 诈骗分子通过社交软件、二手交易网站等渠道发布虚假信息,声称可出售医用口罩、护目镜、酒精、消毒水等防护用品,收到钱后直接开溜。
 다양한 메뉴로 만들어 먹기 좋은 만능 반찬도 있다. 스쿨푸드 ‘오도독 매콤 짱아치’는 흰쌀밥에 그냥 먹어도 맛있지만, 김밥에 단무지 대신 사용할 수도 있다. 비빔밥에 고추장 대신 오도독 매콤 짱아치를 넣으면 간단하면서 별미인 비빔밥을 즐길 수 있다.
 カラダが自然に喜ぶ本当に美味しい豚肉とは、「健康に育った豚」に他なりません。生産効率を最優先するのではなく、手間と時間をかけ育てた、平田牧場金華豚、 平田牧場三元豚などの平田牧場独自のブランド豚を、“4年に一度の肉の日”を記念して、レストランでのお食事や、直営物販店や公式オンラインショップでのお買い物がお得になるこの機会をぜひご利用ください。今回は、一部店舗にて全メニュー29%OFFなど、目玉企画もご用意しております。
---
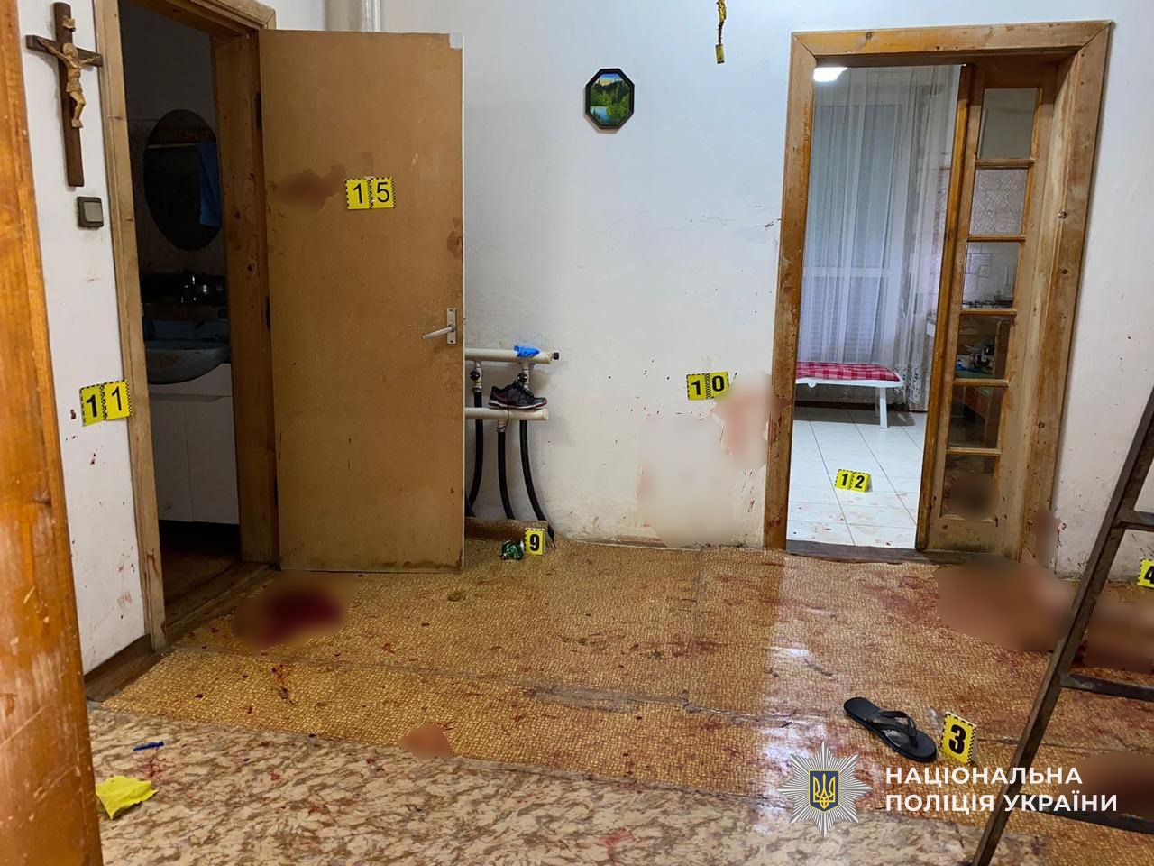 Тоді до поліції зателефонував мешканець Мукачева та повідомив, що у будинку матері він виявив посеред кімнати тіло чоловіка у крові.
* * *
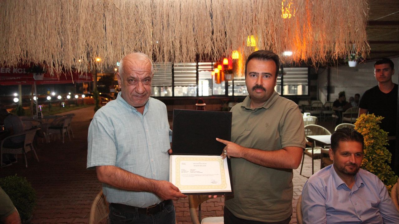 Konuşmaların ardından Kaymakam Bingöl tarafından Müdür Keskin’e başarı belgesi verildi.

WORK INSTRUCTIONS » Where the listing above has a line with "诈骗分子通过社交软件、二手交", start there, and output every line exactly through the line with "カラダが自然に喜ぶ本当に美味", which is also included.

RESPONSE TO THIS EXERCISE »
 诈骗分子通过社交软件、二手交易网站等渠道发布虚假信息,声称可出售医用口罩、护目镜、酒精、消毒水等防护用品,收到钱后直接开溜。
 다양한 메뉴로 만들어 먹기 좋은 만능 반찬도 있다. 스쿨푸드 ‘오도독 매콤 짱아치’는 흰쌀밥에 그냥 먹어도 맛있지만, 김밥에 단무지 대신 사용할 수도 있다. 비빔밥에 고추장 대신 오도독 매콤 짱아치를 넣으면 간단하면서 별미인 비빔밥을 즐길 수 있다.
 カラダが自然に喜ぶ本当に美味しい豚肉とは、「健康に育った豚」に他なりません。生産効率を最優先するのではなく、手間と時間をかけ育てた、平田牧場金華豚、 平田牧場三元豚などの平田牧場独自のブランド豚を、“4年に一度の肉の日”を記念して、レストランでのお食事や、直営物販店や公式オンラインショップでのお買い物がお得になるこの機会をぜひご利用ください。今回は、一部店舗にて全メニュー29%OFFなど、目玉企画もご用意しております。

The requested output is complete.